Give It Up For Dead
Over the course of the last 4 days things have been turned upside down for me. I was forced to confront a beloved grandmother's mortality, and was in reality, too much of a coward to really talk to her when I went to see her. My decision to go was grudging because I felt that everyone was trying to dictate to me what my last memory of her should be. I was frightened and grieved by the figure in the hospital bed--so different from the woman I knew as a child--that I thought there must be some mistake. The entire molecular and spiritual structure of her face is compromised by years of strokes and seizures, her inability to talk is simply eerie, and her level of cognition is a mystery, so I just felt pounded by grief and shame over my negligence of her.

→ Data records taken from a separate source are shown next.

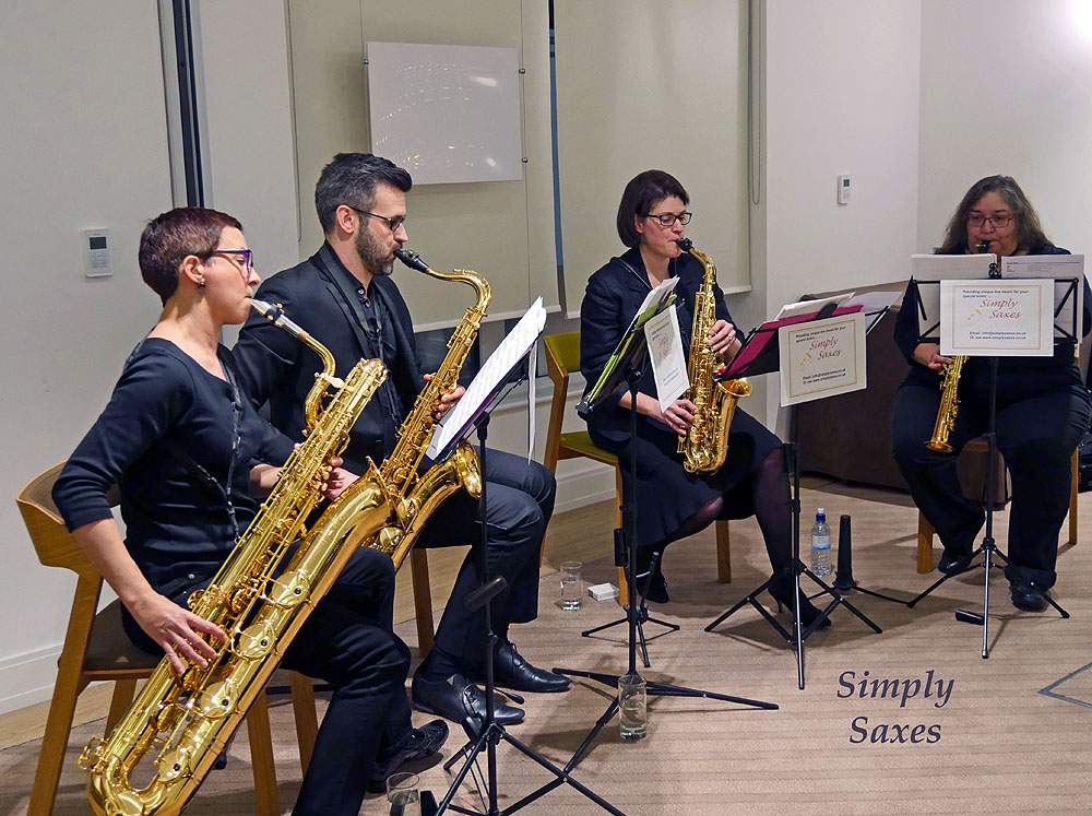 The music for the evening was provided by Simply Saxes, a unique quartet of saxophonists who have been playing together for nearly 10 years, and included our very own Liveryman, Georgina Benton. Attendees enjoyed a selection of classic jazz standards by such greats as Gershwin, Scott Joplin, Cy Coleman, Cole Porter and Duke Ellington.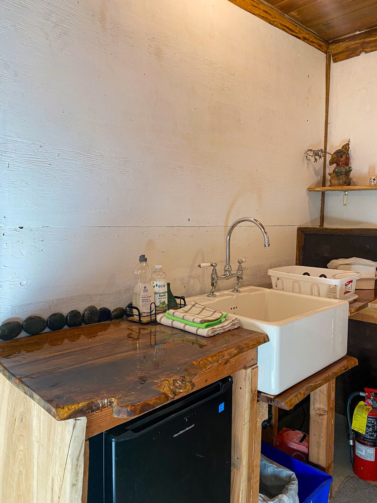 This rustic off-grid micro cabin is 106 sq. ft. but feels much bigger, nicely nestled away in the mossy forest. Sleeps two in a queen bed in the loft. Minutes from surfing and hiking trails, you’re in the right place for epic adventures. We built our cabin using mainly reclaimed materials. We wanted to build a place that had minimal impact on the environment. It has on demand hot water, rainwater catchment, and solar powered electricity. We also have a beautiful sauna available to rent.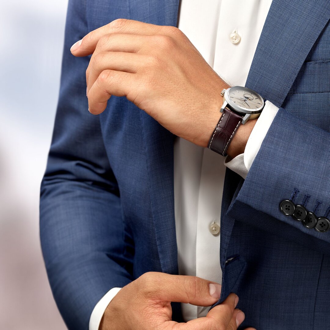 Heren horloge - leren riempje, stalen kast, saffier glas. Alle technische parameters kunnen hieronder worden gevonden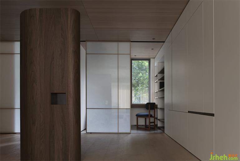 一間相對(duì)個(gè)人化的書(shū)房,移開(kāi)屏風(fēng)就與家中最開(kāi)放的空間合二為一,南京住宅設(shè)計(jì)收納系統(tǒng)到書(shū)房這里就變成了開(kāi)放的形式,書(shū)架是在白色柜體中搭建胡桃木層板,工整清秀,直白包裹住東方之美。從簡(jiǎn)潔中提煉出書(shū)桌沿窗戶設(shè)立,符合現(xiàn)代生活起居,平和有力的搭配富足的精神世界。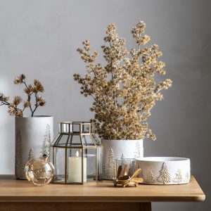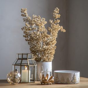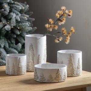 Gallery Direct Forest Planter White & Gold This planter features a stunning festive white with beautifully etched Christmas trees and elegant gold detail, perfect for displaying festive bunches. Other sizes are available and look stunning with displayed together.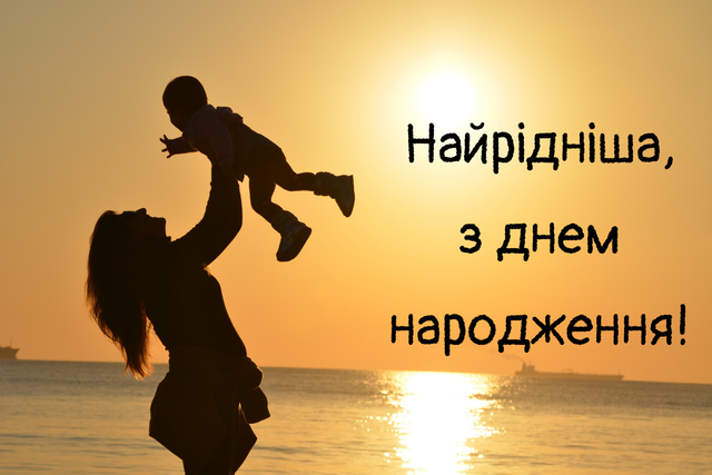 Мамо, нехай з роками меншає негараздів. Бажаю тобі тільки ясної погоди, хоча, не важливо, що там за вікном, нехай твій будинок буде наповнений любов'ю. Нехай близькі тебе зігрівають, а твоє серце наповнюється щастям. Достатку тобі! Нехай Господь наллє тобі повну чашу здоров'я. Будь ще сотню років молода. Люблю тебе! З днем народження, рідна!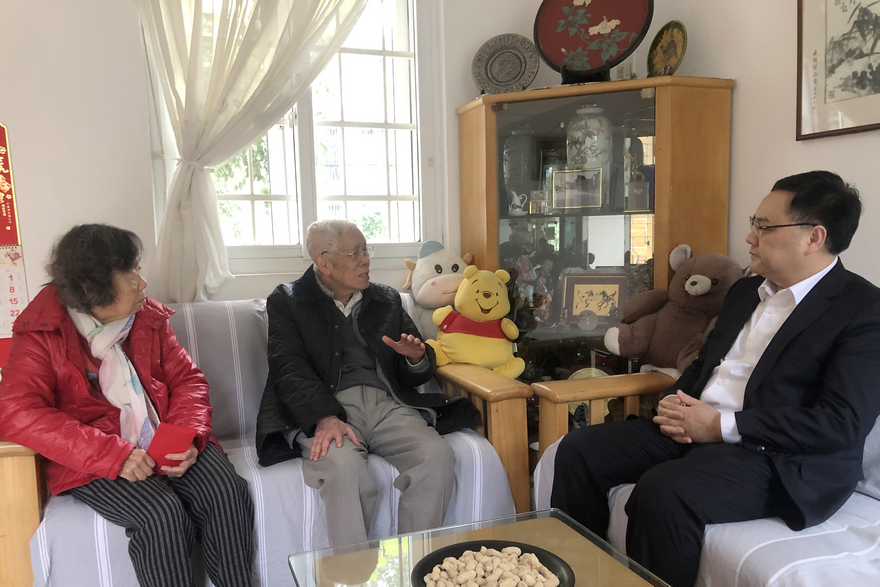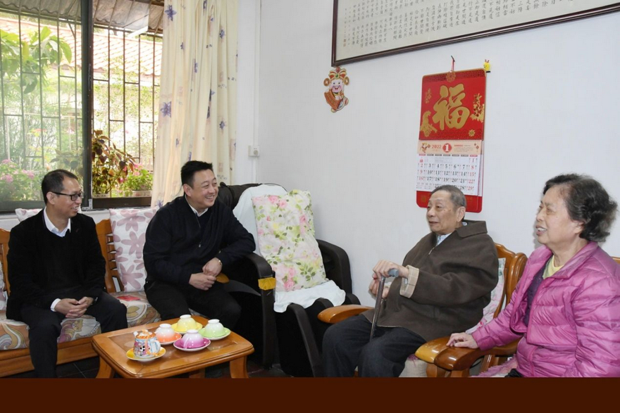 本网讯 2022年春节前夕,校党委书记隋广军、校长石佑启、校党委副书记李云明、校党委副书记唐锐、校党委常委胡文涛等在党办校办、组织部、统战部、离退休处主要负责人陪同下,以走访和座谈等形式慰问了我校老干部、老教授、老党员、党外人士代表、外派干部代表等,送上新春祝福,共话学校新发展。

See, what I remember is a woman who was a dish! She had sass, style, arrogant elegance. Well into her sixties she still wore tight jeans, pumps, and well tailored blouses. I still remember associating the smell of her cigarettes with warmth and love. I think it is the reason why every man I've ever seriously cared for is a smoker, or was at one time a smoker. Vestiges of the scent of unlit Benson & Hedges still comfort me. She liked cocktails, she told it like it was. You just didn't want to cross her... but that is because she had been so badly hurt by my grandfather. She made cutting remarks an art form, but if she loved you, it consumed her.
I remember being about 8 years old and sitting in her lap at some party. We were seated on the floor, just rocking together in time to our own rhythm. I was proud she and I shared that connection. That even though I did not know my father, that I had her and that she had me.